Should Asian debt now be seen as a mainstream asset class? Chia-Liang Lian, manager of the £737m Legg Mason Western Asset Asian Opportunities Fund, believes so. Global bond indices have traditionally tended to be weighted towards the West, though he pointed to a decline in the G7’s share of world GDP from roughly two-thirds to about half in the past 10 years.
“Yet the weights assigned to emerging Asia in global benchmarks including Citibank’s WSPI are currently less than 3%, which shows a clear disconnect between the economic reality and the benchmark weightings,” he said.

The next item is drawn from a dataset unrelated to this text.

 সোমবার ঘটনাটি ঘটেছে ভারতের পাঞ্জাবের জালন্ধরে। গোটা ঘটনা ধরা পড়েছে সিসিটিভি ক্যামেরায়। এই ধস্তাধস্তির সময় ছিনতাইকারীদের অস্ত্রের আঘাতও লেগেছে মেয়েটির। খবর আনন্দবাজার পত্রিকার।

Furthermore, he stressed that the trend away from the G7 comes at a time when sovereign rating trajectories are demonstrating a similar divergence.
Vulnerable to downgrades
“A decade ago, just three of the 10 largest Asian economies were rated A or above by S&P,” he said.

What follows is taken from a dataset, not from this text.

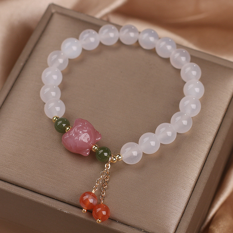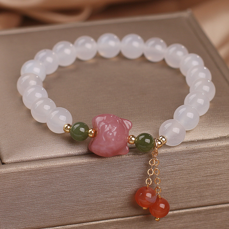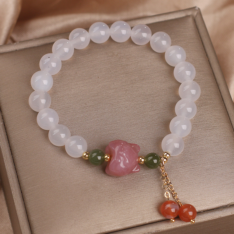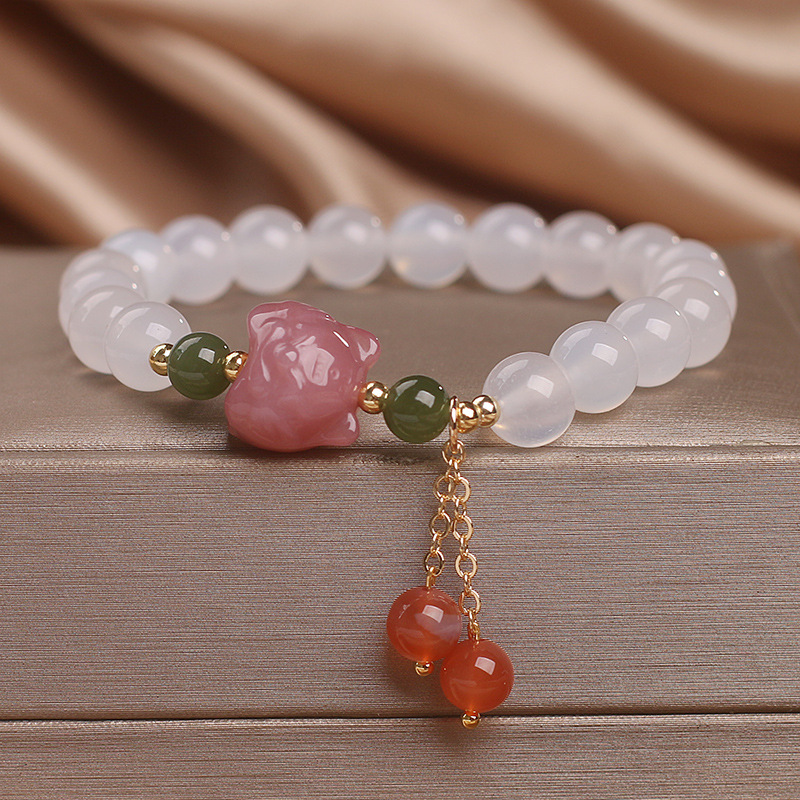 Product information:Style: Women'sColor: white agate tiger headPurity: 17cmMaterial: agate

“Today this ratio has doubled to six, with Hong Kong and Singapore rated AAA. Meanwhile in Western Europe, where countries were uniformly rated A or higher 10 years ago, ratings are now distinctively more mixed and even the best quality sovereigns are now vulnerable to downgrades as we have seen in the last couple of weeks.”
Asian economies having outpaced developed countries by about 6% on average over the past decade, which the manager believes has led to a significant build-up in external surpluses across the region.
“These surpluses have meant many Asian countries are now key exporters of capital to the rest of the world, with the resulting accumulation of reserves acting as a form of self-insurance in periods of exogenous pressure,” he added.
“It is no surprise that compared to earlier years, the recent market volatility in Asian currencies has declined noticeably, precisely because policymakers are now more adequately equipped to minimise unintended currency fluctuations due to external forces.”